The compressed write path inside a delayed bbio is mostly the same as
regular compression, but with some differences:

- The error handling should not touch folio flags
  It will be handled by the parent delayed bbio.
  And those folios already have WRITEBACK flag set, not the LOCKED flag
  of the async submission path.

- A successful compression will lead to a child compressed bio
  That compressed bio will be properly submitted, and if there is no
  more pending ios of the delayed bbio, end the delayed bbio.

  There is a minor note, since we're going through the regular
  extent_writepage_io() path, we can have multiple bbios for the same
  delayed ordered extent.

  This means we may have a slightly lower compression ratio if for
  whatever reason the writeback path chooses to submit a smaller bio.

- No sequential execution of data extent reservation
  The existing async thread has one quirk related to the ordered
  function execution, which is not suitable for this call site.

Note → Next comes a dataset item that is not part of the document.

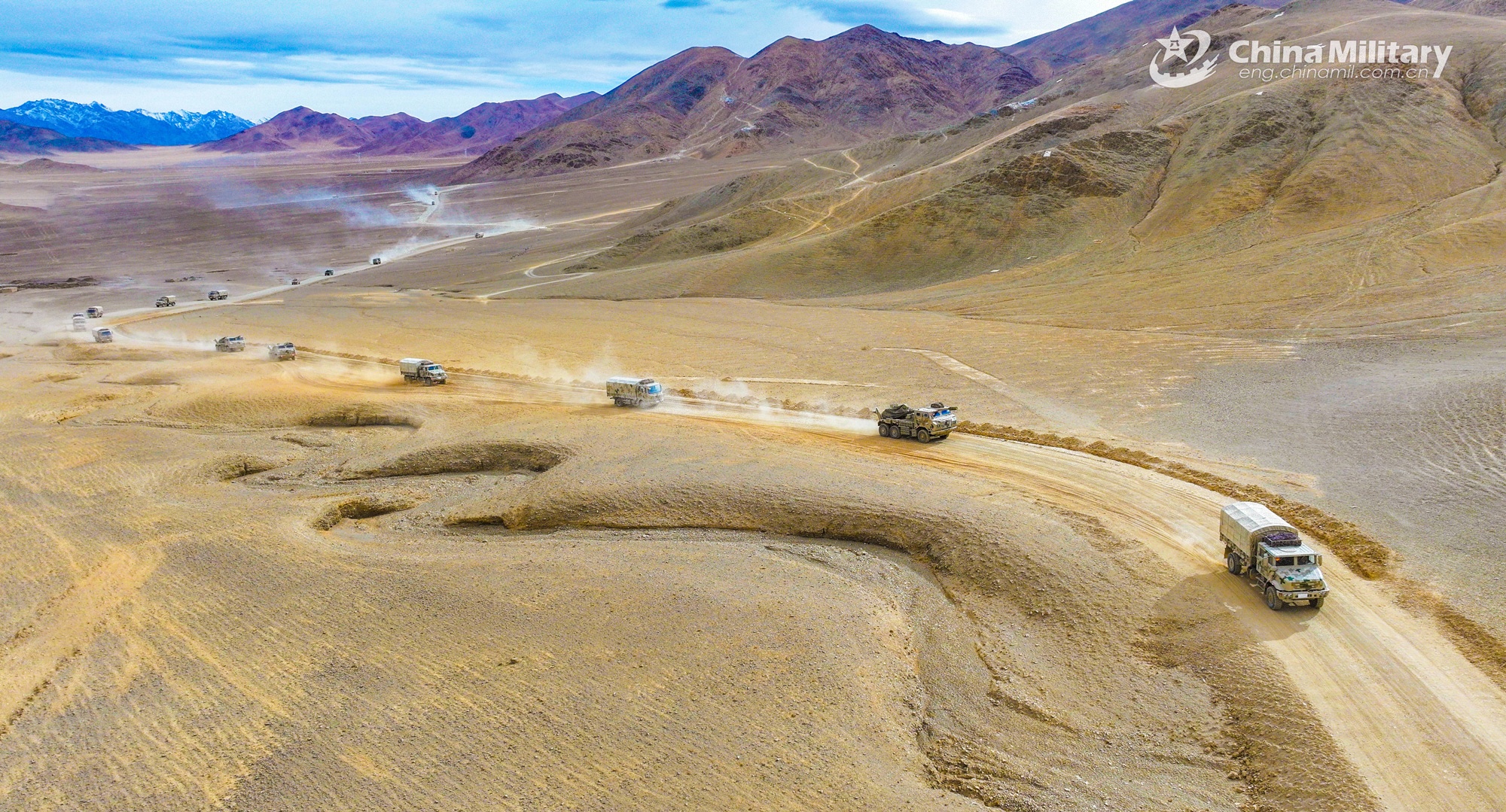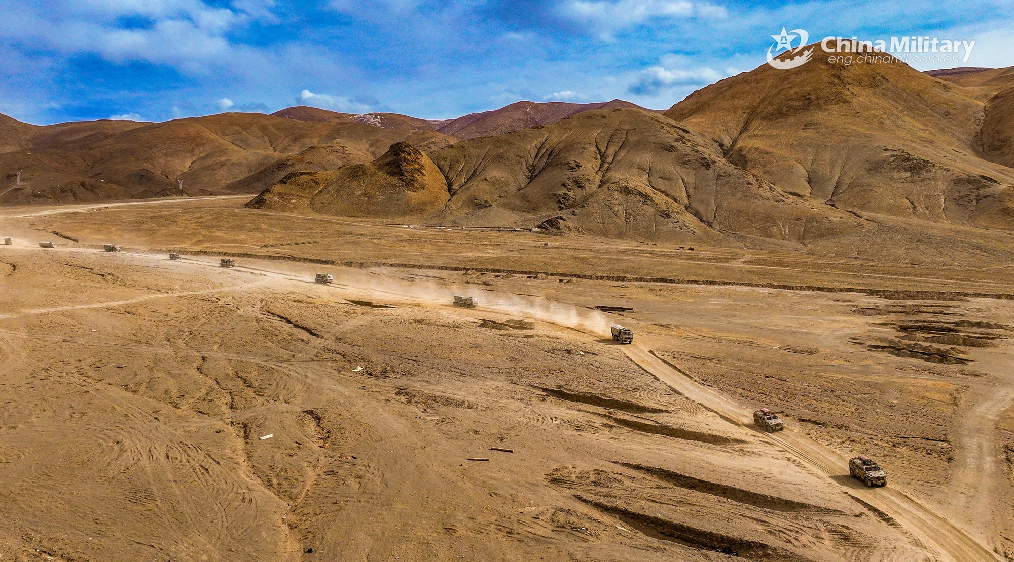 A convoy of military trucks attached to a regiment under the PLA Army is en route to a designated training field during a driving skill training exercise in desert area on March 14, 2024. (eng.chinamil.com.cn/Photo by Shang Luhang)

  After the compressed bio is submitted, we can no longer touch the
  child compressed bio (it could finish immediately and also finish the
  parent delayed bbio).
  Meanwhile the async ordered function needs different entries to handle
  the workload and free involved structures.

  These will be the major changes compared to the existing compressed
  write.

Signed-off-by: Qu Wenruo <wqu@suse.com>
---
 fs/btrfs/inode.c | 110 ++++++++++++++++++++++++++++++++++++++++++++++-
 1 file changed, 109 insertions(+), 1 deletion(-)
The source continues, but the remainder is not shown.